Sometimes the seed-leaves themselves come above ground, as in the mustard-plant, and sometimes they are left empty behind, while the plantlet shoots through them.

And now the plant can no longer afford to be idle and live on prepared food. It must work for itself. Until now it has been taking in the same kind of food that you and I do; for we too find many seeds very pleasant to eat and useful to nourish us. But now this store is exhausted. Upon what then is the plant to live? It is cleverer than we are in this, for while we cannot live unless we have food which has once been alive, plants can feed upon gases and water and mineral matter only. Think over the substances you can eat or drink, and you will find they are nearly all made of things which have been alive: meat, vegetables, bread, beer, wine, milk; all these are made from living matter, and though you do take in such things as water and salt, and even iron and phosphorus, these would be quite useless if you did not eat and drink prepared food which your body can work into living matter.

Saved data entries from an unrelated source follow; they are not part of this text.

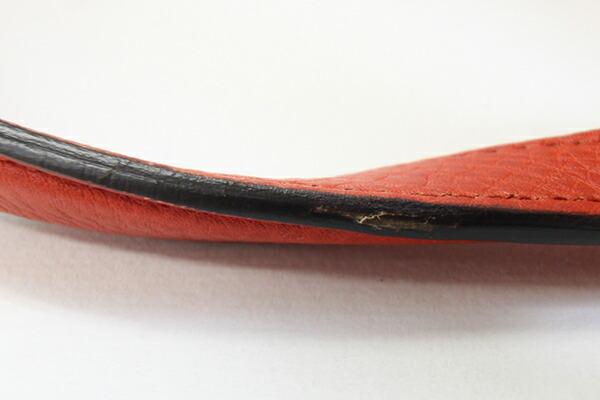 状態 | 外側:型崩れあり。所々スレ・小キズ・薄汚れあり。上部のフチ(コバ)にコーティング剥がれ・ヒビあり。 内側:レザー部分にスレ、薄汚れあり。ポケット内にシミ、赤い汚れあり。 金具:小キズ、スレあり。 |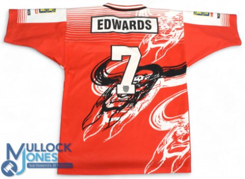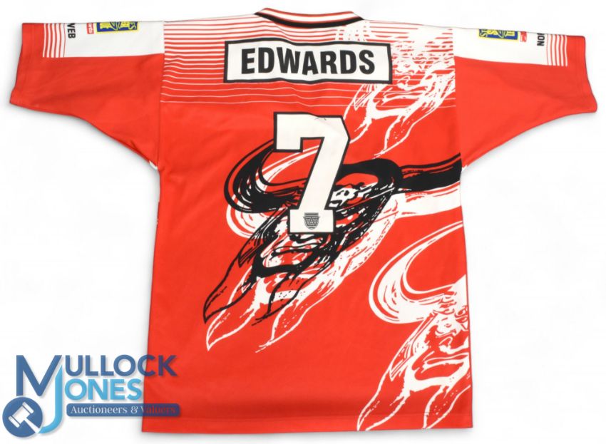 Shaun Edwards Named Match worn Wigan R Lge Jersey/Pic (2): Modern red and white patterned short-sleeved no.10 jersey, fully badged and logoed for Stones Super League, Sky Sports and Norweb, plus 'Edwards' to rear. Plus 6" x 4" colour pic of a young Shaun c.2000 - with curly hair! VG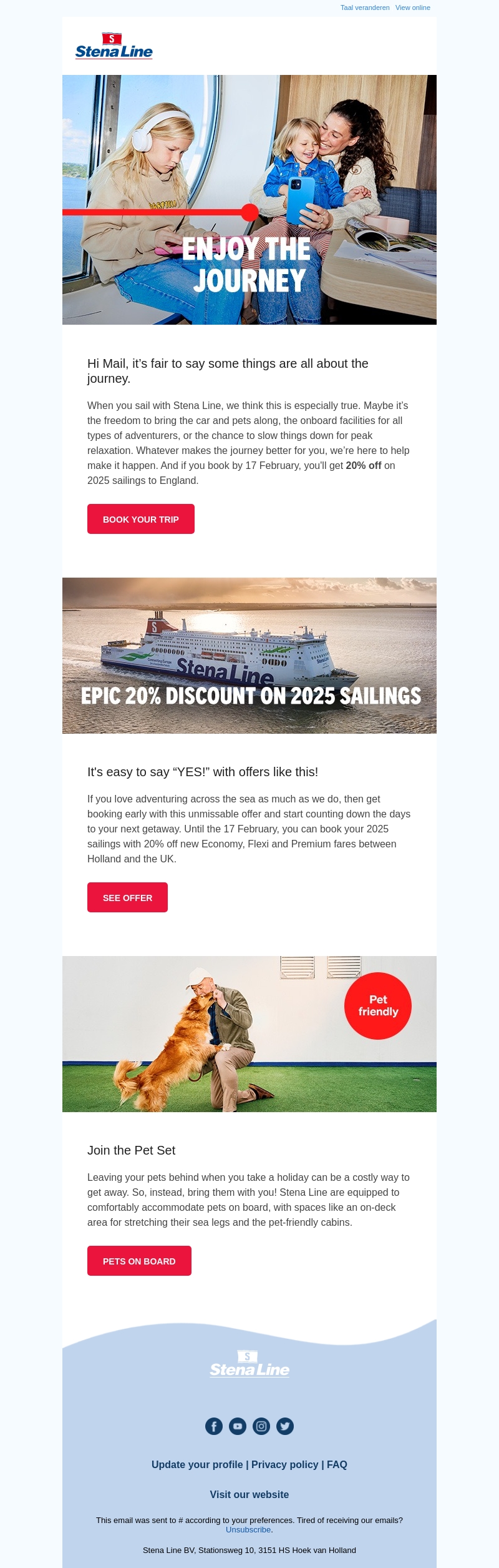 Reis voordelig met Stena Line en ontdek de vrijheid van het meenemen van uw auto en huisdieren. Geniet van ongeëvenaarde faciliteiten aan boord. Boek voor 17 februari en ontvang 20% korting op afvaarten in 2025 naar Engeland. Mis deze kans niet en plan uw volgende avontuur.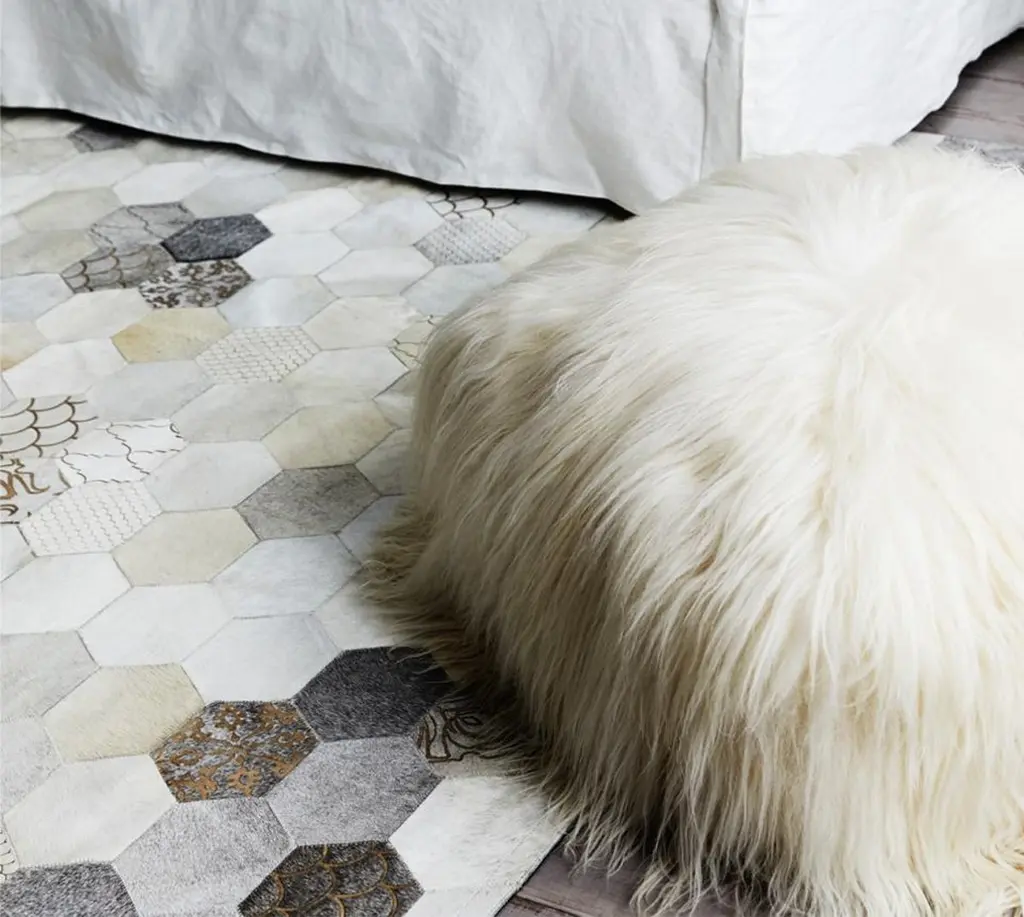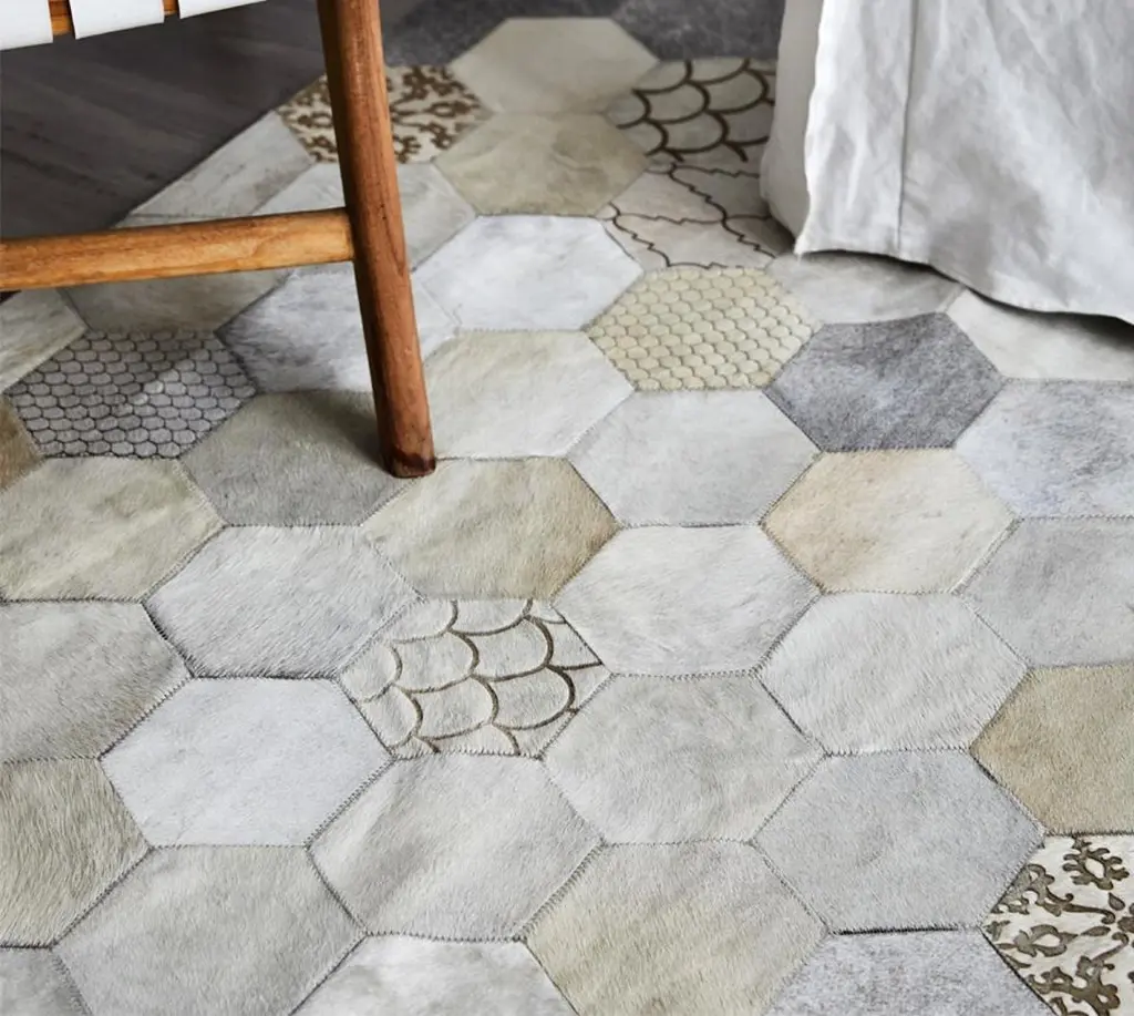 This high-impact, jaw dropping beauty fashionably displays all of Art hide’s signature laser burns has now been adapted in beautiful tones of grey and cream is sure to create a statement and turn heads.This rug is created from premium quality cowhide, sourced from Brazil and Argentina. The Atomo is cut to precise angles and then pieced together using commercial grade nylon thread to create its stunning effect. Small measures 2 x 1.6m (6’7” x 5’3”) and large measures 2 x 3M (6’7” x 9’8” )This item can easily be customized to any color size or shape upon request.Art hide rugs are usually made to order. please allow 4 weeks for delivery.

But the plant, as soon as it has roots and leaves, begins to make living matter out of matter that has never been alive. Through all the little hairs of its roots it sucks in water, and in this water are dissolved more or less of the salts of ammonia, phosphorus, sulphur, iron, lime, magnesia, and even silica, or flint. In all kinds of earth there is some iron, and we shall see presently that this is very important to the plant.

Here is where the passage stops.